And on this the story of directed transformations essentially ends. As soon as you bypass various complications of directional transformations and make a real filter, it does not work normally in a modern codec for an unexpected reason: due to competition with a variable block size. That is, in a codec with a fixed block size, the addition of directional transformations gives an impressive increase in efficiency. And the variable block size in itself gives even greater benefits. But the combination of variable block size and directional transformations leads to a worse result than using each of these methods separately. The variable block size has already eliminated the redundancies that are used by directional transformations, and even made it more efficient.

When developing Daala, Nathan Egge and I experimented a lot with directional transformations. I looked at the problem from both the input and the output side, using sparse matrix multiplications to transform the output diagonal boundaries into a vertical / horizontal position. Nathan tested the well-known approaches to directional transformations, rearranging the data at the input. We came to one conclusion: additional complexity does not provide any objective or subjective benefits.

Applying directional transformations to Daala (and other codecs) could be a mistake, but the research raised one issue mentioned earlier: how to quickly filter along borders without expensive re-sampling? Answer: no need to re-sample. Make an angle approximation, moving along the whole nearest pixel. Make an approximation of the transformed core, literally or conceptually rearranging the pixels. This approach leads to some distortions (aliasing), but it works quite well and quickly enough .

Directed Predictors, Part 2: Daala Chronicles

The history of the CDEF in the Daala codec began with attempts to do something completely different: the usual boring directed intra-prediction. Or at least something normal for the Daala codec.

I wrote about the Daala intra-forecasting scheme in the frequency domain when we first started working on it. The math is quite working here; no cause for concern. However, the naive implementation required a huge number of matrix multiplications, which turned out to be too expensive for the codec in production.

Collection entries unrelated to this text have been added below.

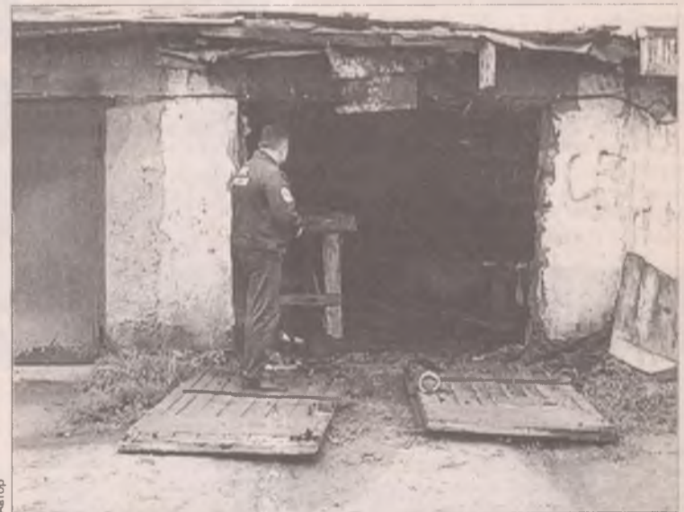
«Из искры возгорится пламя»... Иногда эта красивая фраза превращается в не слишком радостную реальность...

вянную крышу и рубероидное покрытие, отчего верх конструкции задымился и начал гореть. Самостоятельно поту-
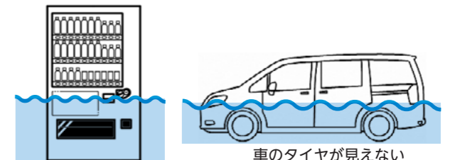
自動販売機の取り出し口が浸水している
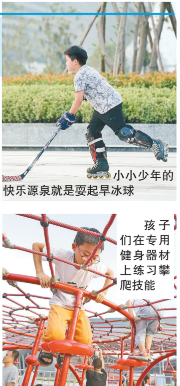
小小少年的快乐源泉就是要起旱冰球
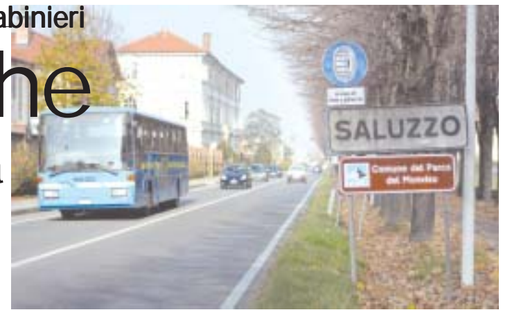
L'ingresso a Saluzzo da via Cuneo e, sotto, da via Torino

Un sistema veloce e sicuro per identificare in pochi attimi veicoli sospetti, auto rubate e avere il controllo di chi transita nel territorio della città di Saluzzo. Senza contare che ogni singolo Targa System installato sul territorio, dispone di una black list condivisa che consente il dialogo real time tra tutti i sistemi attivi in Italia. Una sorta di grande fratello digitale dalla parte della giustizia, che dovrebbe dare una bella mano nella prevenzione di molti tipi di reato. Nella nostra zona il sistema di riconoscimento delle targhe è già utilizzato a Busca e a Bra. fabrizio scarpì

We hoped that the computational load can be reduced by an order of magnitude due to thinning - the elimination of matrix elements that do not make a large contribution to the forecast.

But thinning does not work as desired. At least when we implemented it, it lost too much information, making the technique unusable in practice.

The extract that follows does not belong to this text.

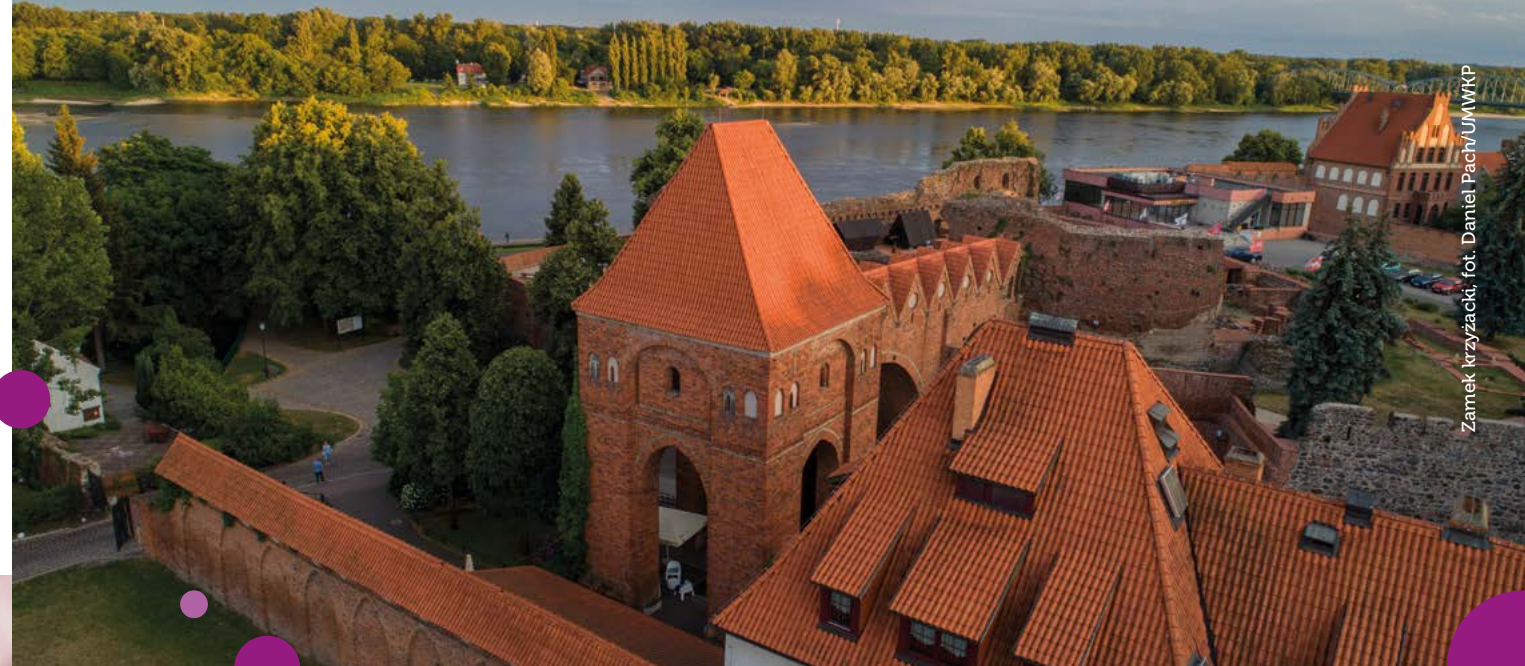
Zamek krzyżacki

wspólne wyprawy zaowocowały ogromnym zbiorem eksponatów, które dziś wypełniają wnętrza muzeum. Muzeum Sztuki Dalekiego Wschodu to z kolei miejsce dla miłośników świata orientu. Zobaczysz tu najcenniejsze zabytki z Chin, Syjamu, Tybetu, Japonii i Indii. Muzeum mieści się w Kamienicy pod Gwiazdą – jednej z najpiękniejszych kamienic w Toruniu. Nosi ona ślady różnych epok, od gotyckich murów, przez bogato zdobioną barokową fasadę, po wnętrza, których układ pochodzi jeszcze z okresu renesansu. W niezmierny wymiar przeniesie Cię Centrum Popularyzacji Kosmosu

Of course, Daala still needed some form of intra-prediction, and Jean-Marc Valin had an idea: an autonomous prediction codec that works in the spatial domain parallel to the Daala codec in the frequency domain. As a kind of symbiote working in tandem, but not dependent on Daala, it is not limited to the requirements of the Daala for the frequency domain. This is how Intra Paint appeared . An example of the Intra Paint prediction algorithm in a photograph of Sydney Harbor

. The visual output is clearly directed, fits well with the block boundaries and features of the original image, creating a pleasant (perhaps a bit strange) result with clear boundaries

Intra Paint filter worked in a new way: it encoded one-dimensional vectors only along the block boundaries and then drove the pattern in the chosen direction . It's like splashing paint, and then smearing it in different directions in open areas.

Intra Paint seemed promising and in itself produced amazingly beautiful results, but again it was not effective enough to work as a standard intra-predictor. He simply did not get enough bits to encode his own information.

The difference between the original photo of Sydney Harbor and the result of Intra Paint. Despite the visually pleasing output of Intra Paint, objectively, it cannot be called an ultra-accurate predictor. The difference is quite significant even along many borders that seemed to be well crafted.

The “failure” of Intra Paint gave us a different idea. Although this “drawing” is objectively not a very good predictor, but subjectively, for the most part, it looks good. Could it be possible to use the “paint smear” method as a post-processing filter to improve the subjective visual quality? Intra Paint follows very well along clear boundaries, and therefore should potentially well eliminate noise that accumulates along the sharpest edges. From this idea was born the original Paint-Dering filter in Daala, which ultimately led to the CDEF itself.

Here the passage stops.